The girl appeared to understand me, and, reassured, walked on, Wyatt lopping sullenly along beside her. I did not choose to have a fellow of his stamp, and in his present mood, walking behind me.

Nothing was said that I heard for about a mile and a half, when Wyatt, with a snarling "good-night" to the girl, turned off by a path on the left, and was quickly out of sight.

"I am not very far from home now, sir," said the young woman, hesitatingly. She thought, perhaps, that I might leave her, now Wyatt had disappeared.

"Pray go on, then," I said; "I will see you safe there, though somewhat pressed for time."

We walked side by side, and after awhile she said in a low tone, and with still downcast eyes: "My mother lived servant in your family once, sir."

"The deuce! Your name is Ransome, then, I suspect."

"Yes, sir—Mary Ransome." A sad sigh accompanied these words. I pitied the poor girl from my heart, but having nothing very consolatory to suggest, I held my peace.

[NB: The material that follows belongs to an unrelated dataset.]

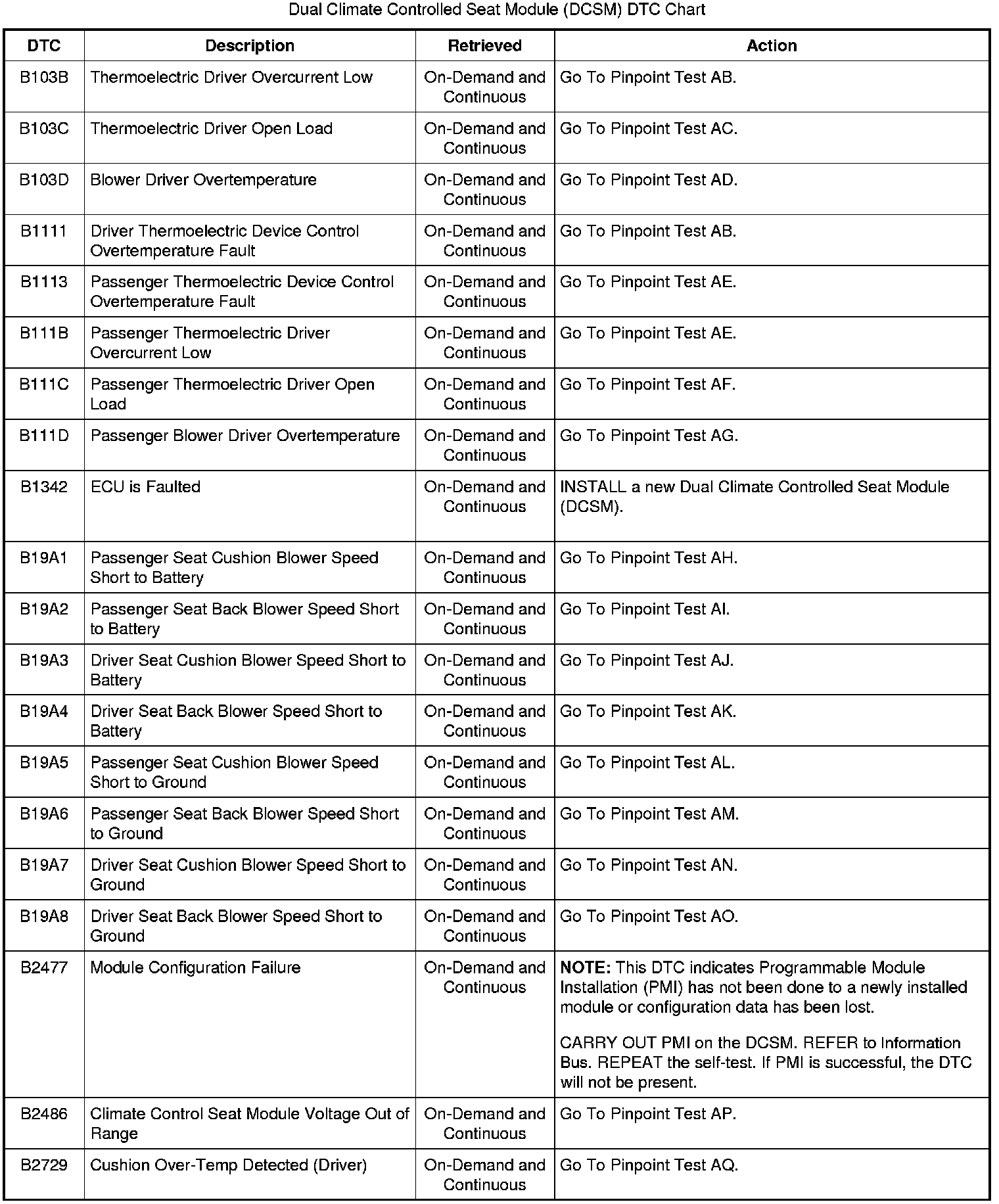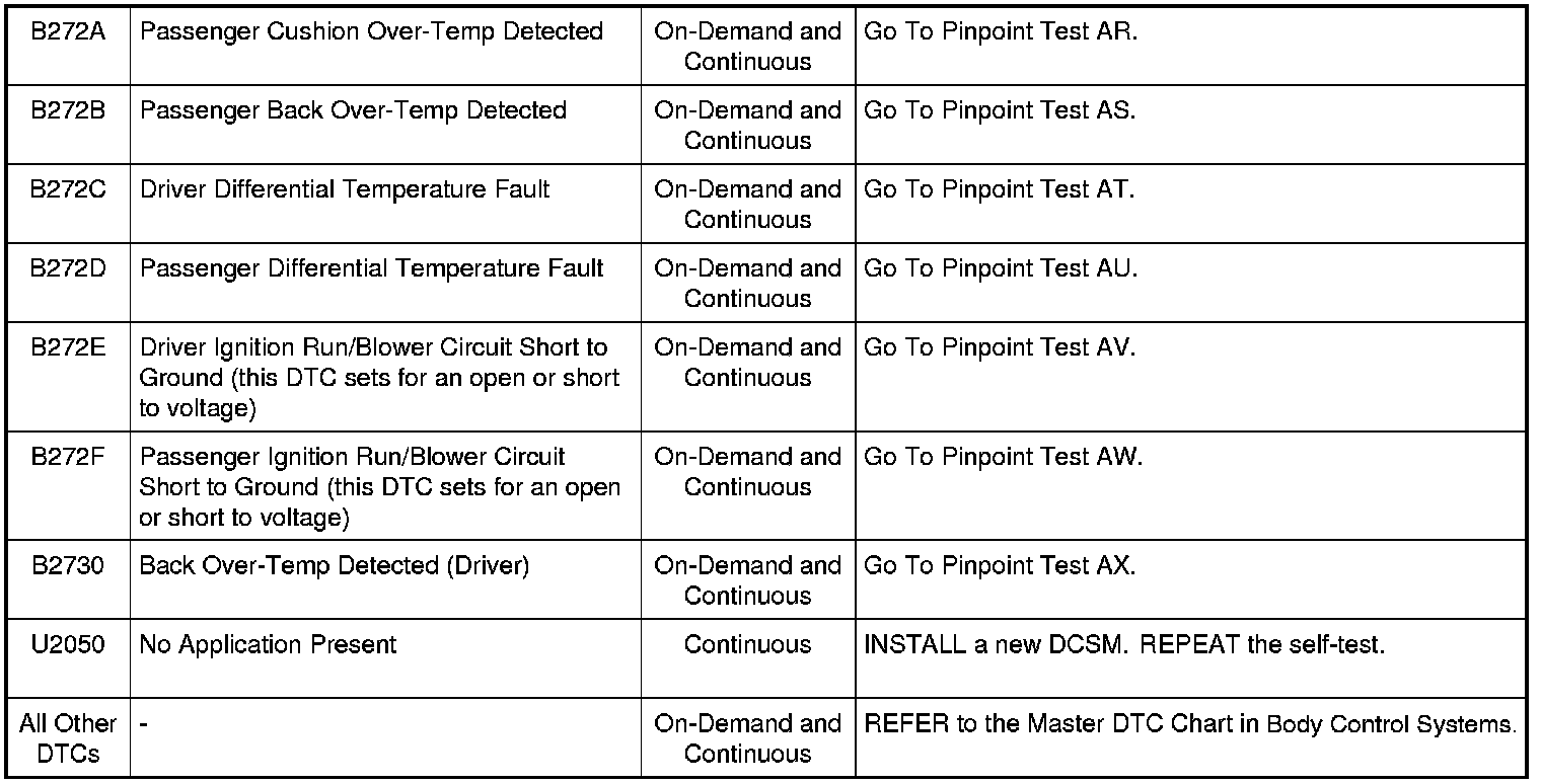 Dual Climate Controlled Seat Module (DCSM) DTC Chart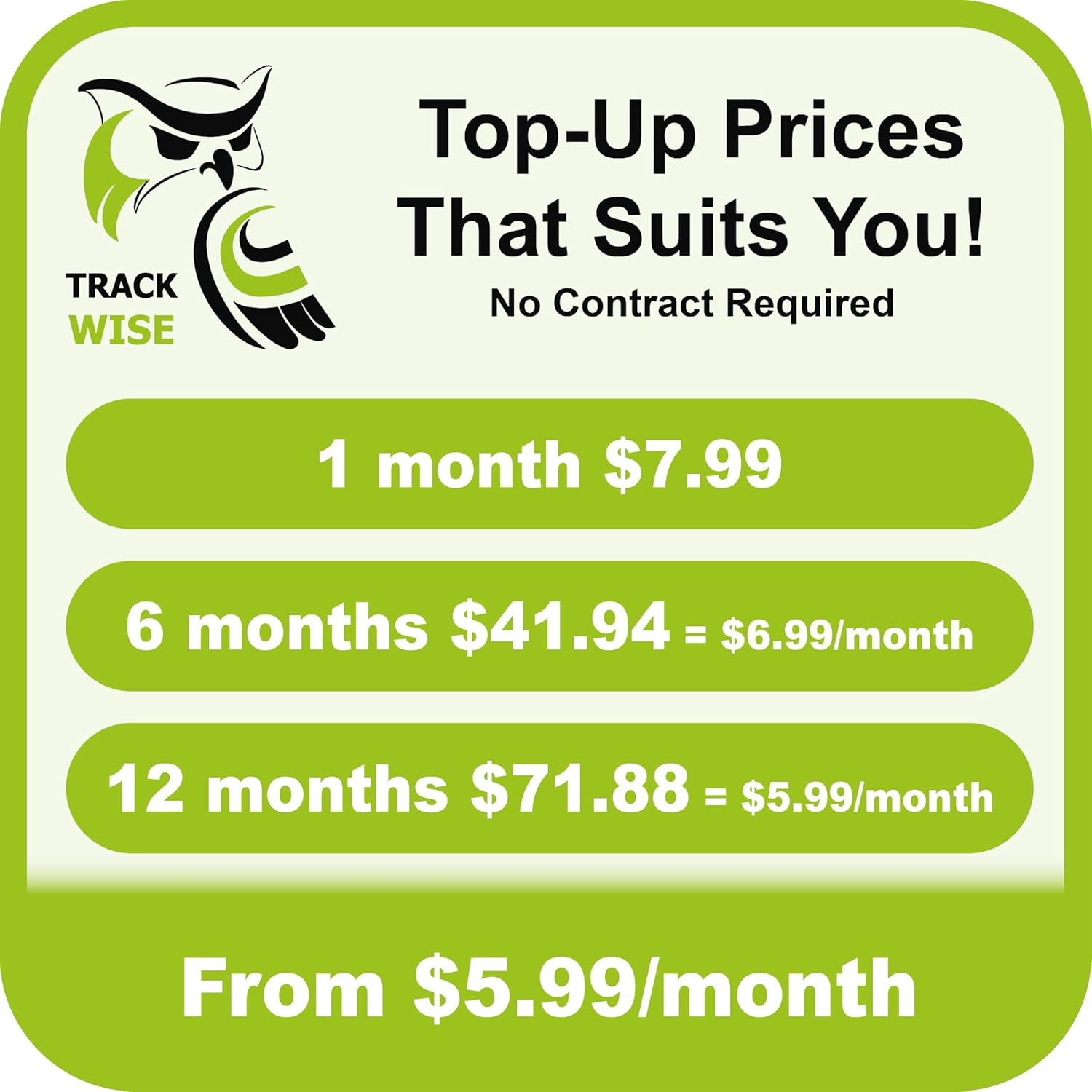 - Flexible No-Contract Subscription Pay-as-you-go plans from $5.99/month, with no hidden fees, no return charges and cancel anytime. Choose 1 month ($7.99), 6 months ($6.99/mo) or 12 months ($5.99/mo).

"There is mother!" she cried in an almost joyful tone. She pointed to a woman standing in the open doorway of a mean dwelling at no great distance, in apparently anxious expectation. Mary Ransome hastened forward, and whispered a few sentences to her mother, who fondly embraced her.

"I am very grateful to you, sir, for seeing Mary safely home. You do not, I daresay remember me?"

"You are greatly changed, I perceive, and not by years alone."